▶ **What this task involves**: The answer must consist solely of the lines below starting at the one containing "Blandt disse små" and ending at the one containing "Astronomical images and", repeated exactly, with both ends included and all pictures omitted.

▶ **Records for the task**:
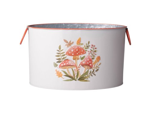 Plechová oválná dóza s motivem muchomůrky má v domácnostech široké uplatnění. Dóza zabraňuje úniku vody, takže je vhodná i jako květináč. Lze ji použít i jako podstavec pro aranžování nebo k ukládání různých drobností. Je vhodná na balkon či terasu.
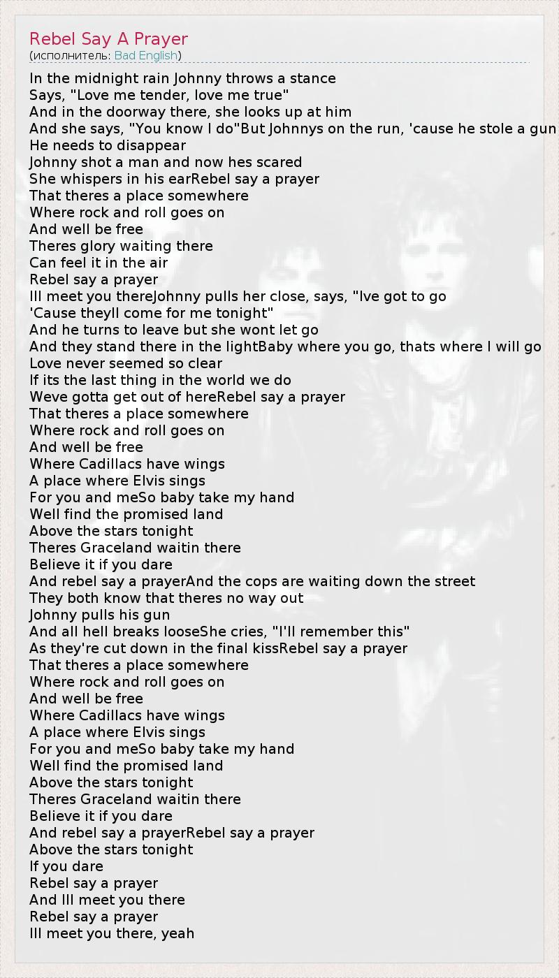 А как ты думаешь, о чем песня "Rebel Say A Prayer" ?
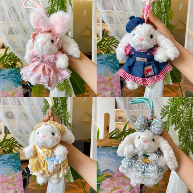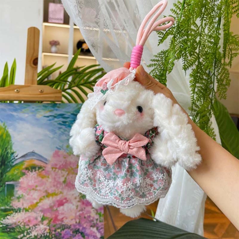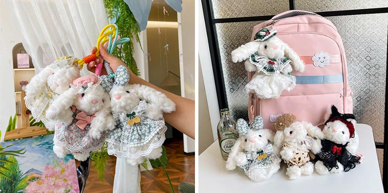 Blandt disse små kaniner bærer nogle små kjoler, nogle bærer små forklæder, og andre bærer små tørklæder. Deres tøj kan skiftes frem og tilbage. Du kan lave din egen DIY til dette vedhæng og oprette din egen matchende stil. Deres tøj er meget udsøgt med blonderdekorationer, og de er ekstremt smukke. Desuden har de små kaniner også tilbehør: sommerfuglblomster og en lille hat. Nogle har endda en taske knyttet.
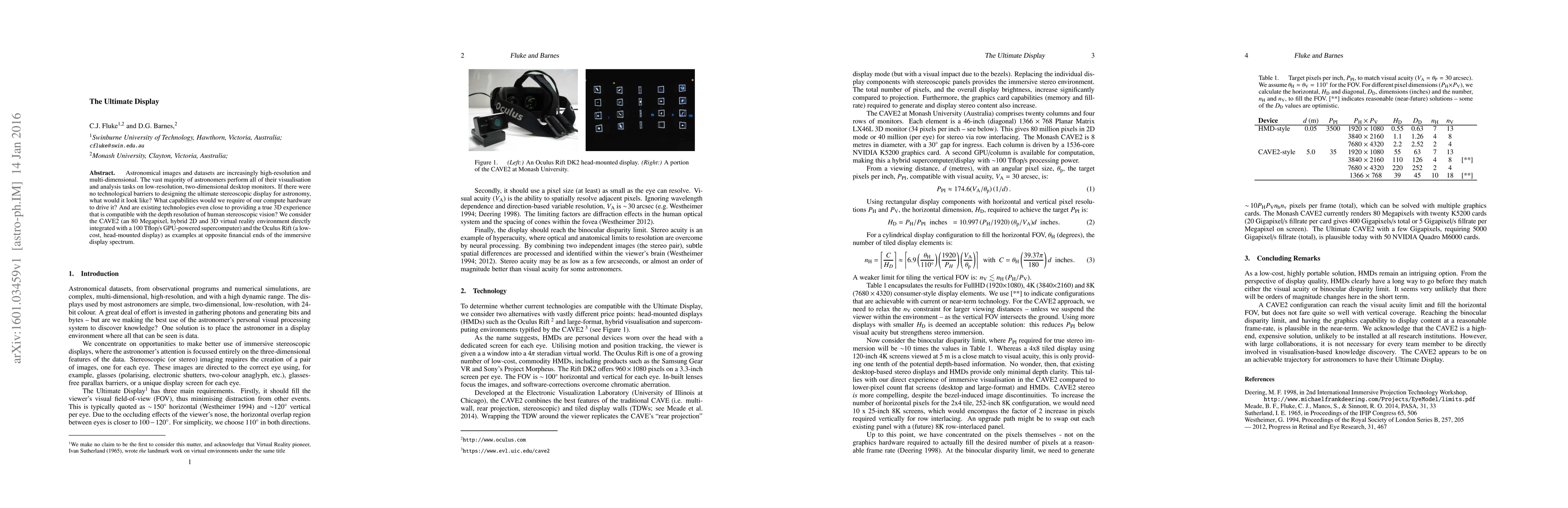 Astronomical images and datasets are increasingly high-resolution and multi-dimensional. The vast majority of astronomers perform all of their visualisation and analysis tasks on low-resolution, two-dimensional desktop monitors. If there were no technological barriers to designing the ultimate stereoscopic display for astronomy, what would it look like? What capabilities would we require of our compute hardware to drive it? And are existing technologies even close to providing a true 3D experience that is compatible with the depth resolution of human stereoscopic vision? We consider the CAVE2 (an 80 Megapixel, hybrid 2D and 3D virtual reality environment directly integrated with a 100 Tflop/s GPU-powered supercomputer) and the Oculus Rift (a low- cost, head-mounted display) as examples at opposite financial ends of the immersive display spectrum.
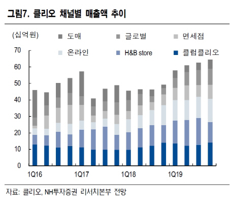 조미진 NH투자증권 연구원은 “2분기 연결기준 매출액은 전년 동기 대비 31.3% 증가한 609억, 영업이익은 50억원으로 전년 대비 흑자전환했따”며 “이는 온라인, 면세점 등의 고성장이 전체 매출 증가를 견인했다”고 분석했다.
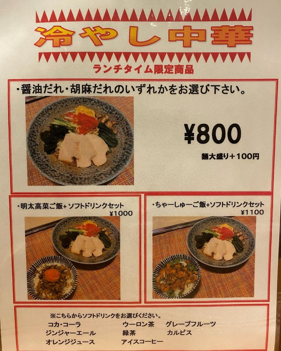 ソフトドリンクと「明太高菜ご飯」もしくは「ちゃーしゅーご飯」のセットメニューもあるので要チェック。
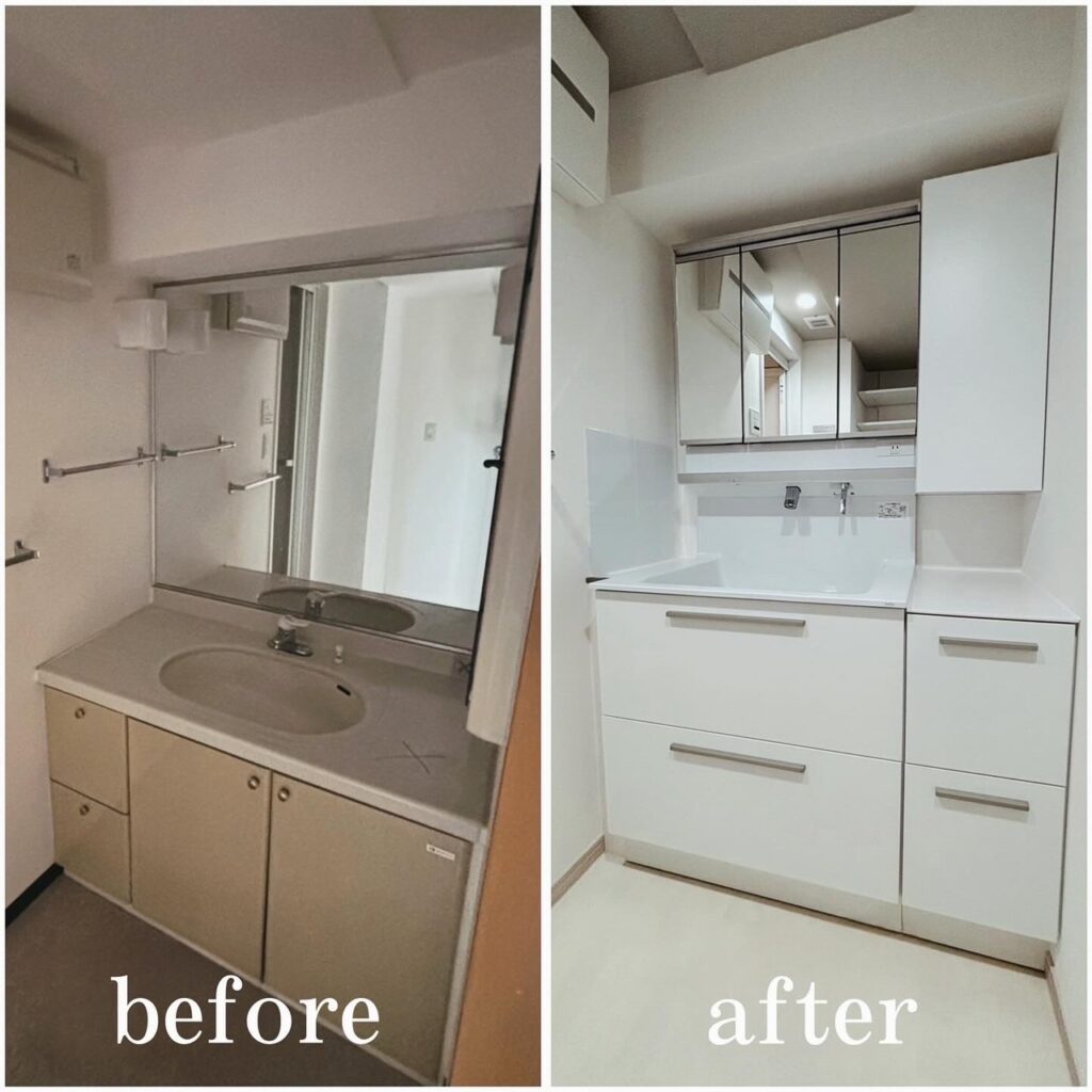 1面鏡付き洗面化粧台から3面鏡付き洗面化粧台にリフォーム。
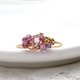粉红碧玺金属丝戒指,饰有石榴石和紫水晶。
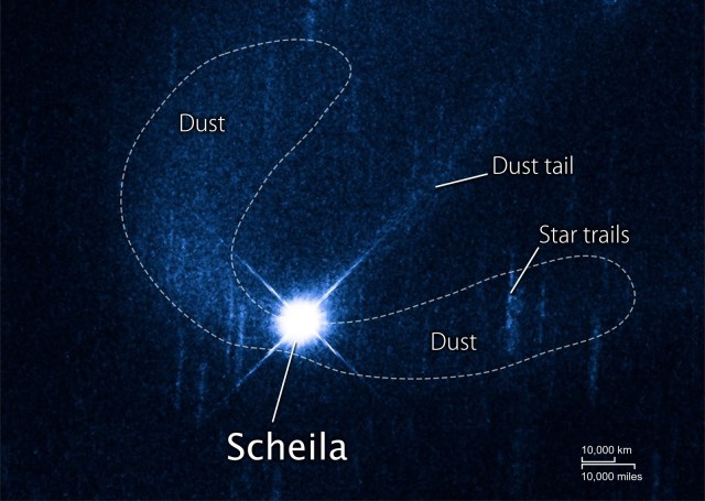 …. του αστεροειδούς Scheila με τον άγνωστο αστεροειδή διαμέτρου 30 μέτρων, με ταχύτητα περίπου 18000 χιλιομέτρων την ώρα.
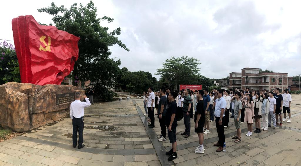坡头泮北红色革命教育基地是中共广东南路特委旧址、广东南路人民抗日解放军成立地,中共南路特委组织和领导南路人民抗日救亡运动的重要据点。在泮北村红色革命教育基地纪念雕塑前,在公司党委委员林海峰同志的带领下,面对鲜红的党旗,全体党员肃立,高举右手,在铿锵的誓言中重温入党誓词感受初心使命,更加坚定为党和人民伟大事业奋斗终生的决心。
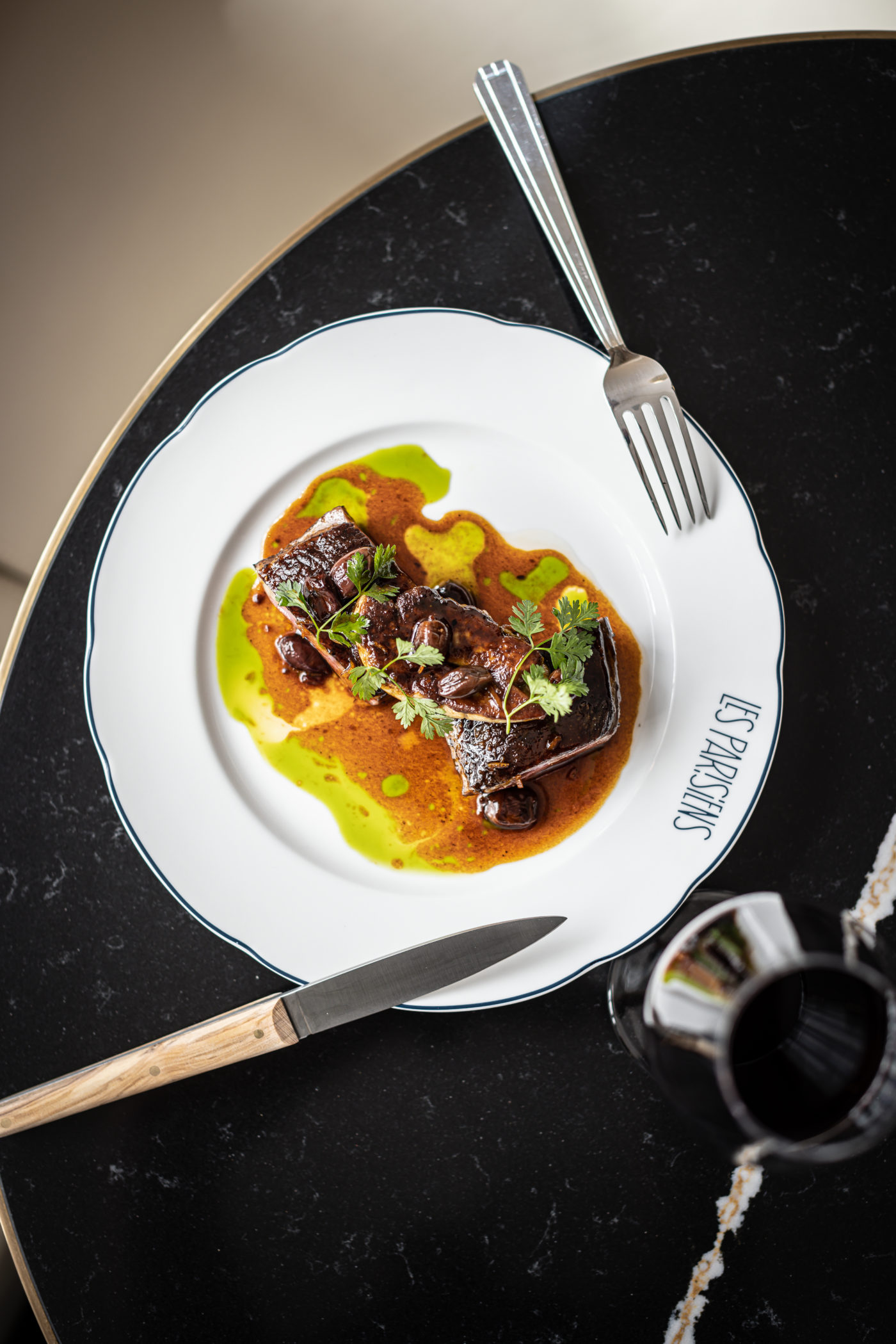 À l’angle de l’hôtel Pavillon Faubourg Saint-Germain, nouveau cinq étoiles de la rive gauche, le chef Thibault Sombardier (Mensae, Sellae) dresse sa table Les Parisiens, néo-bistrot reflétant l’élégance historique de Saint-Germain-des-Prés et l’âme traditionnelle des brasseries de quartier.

▶ **Solution to the problem**:
 Blandt disse små kaniner bærer nogle små kjoler, nogle bærer små forklæder, og andre bærer små tørklæder. Deres tøj kan skiftes frem og tilbage. Du kan lave din egen DIY til dette vedhæng og oprette din egen matchende stil. Deres tøj er meget udsøgt med blonderdekorationer, og de er ekstremt smukke. Desuden har de små kaniner også tilbehør: sommerfuglblomster og en lille hat. Nogle har endda en taske knyttet.
 Astronomical images and datasets are increasingly high-resolution and multi-dimensional. The vast majority of astronomers perform all of their visualisation and analysis tasks on low-resolution, two-dimensional desktop monitors. If there were no technological barriers to designing the ultimate stereoscopic display for astronomy, what would it look like? What capabilities would we require of our compute hardware to drive it? And are existing technologies even close to providing a true 3D experience that is compatible with the depth resolution of human stereoscopic vision? We consider the CAVE2 (an 80 Megapixel, hybrid 2D and 3D virtual reality environment directly integrated with a 100 Tflop/s GPU-powered supercomputer) and the Oculus Rift (a low- cost, head-mounted display) as examples at opposite financial ends of the immersive display spectrum.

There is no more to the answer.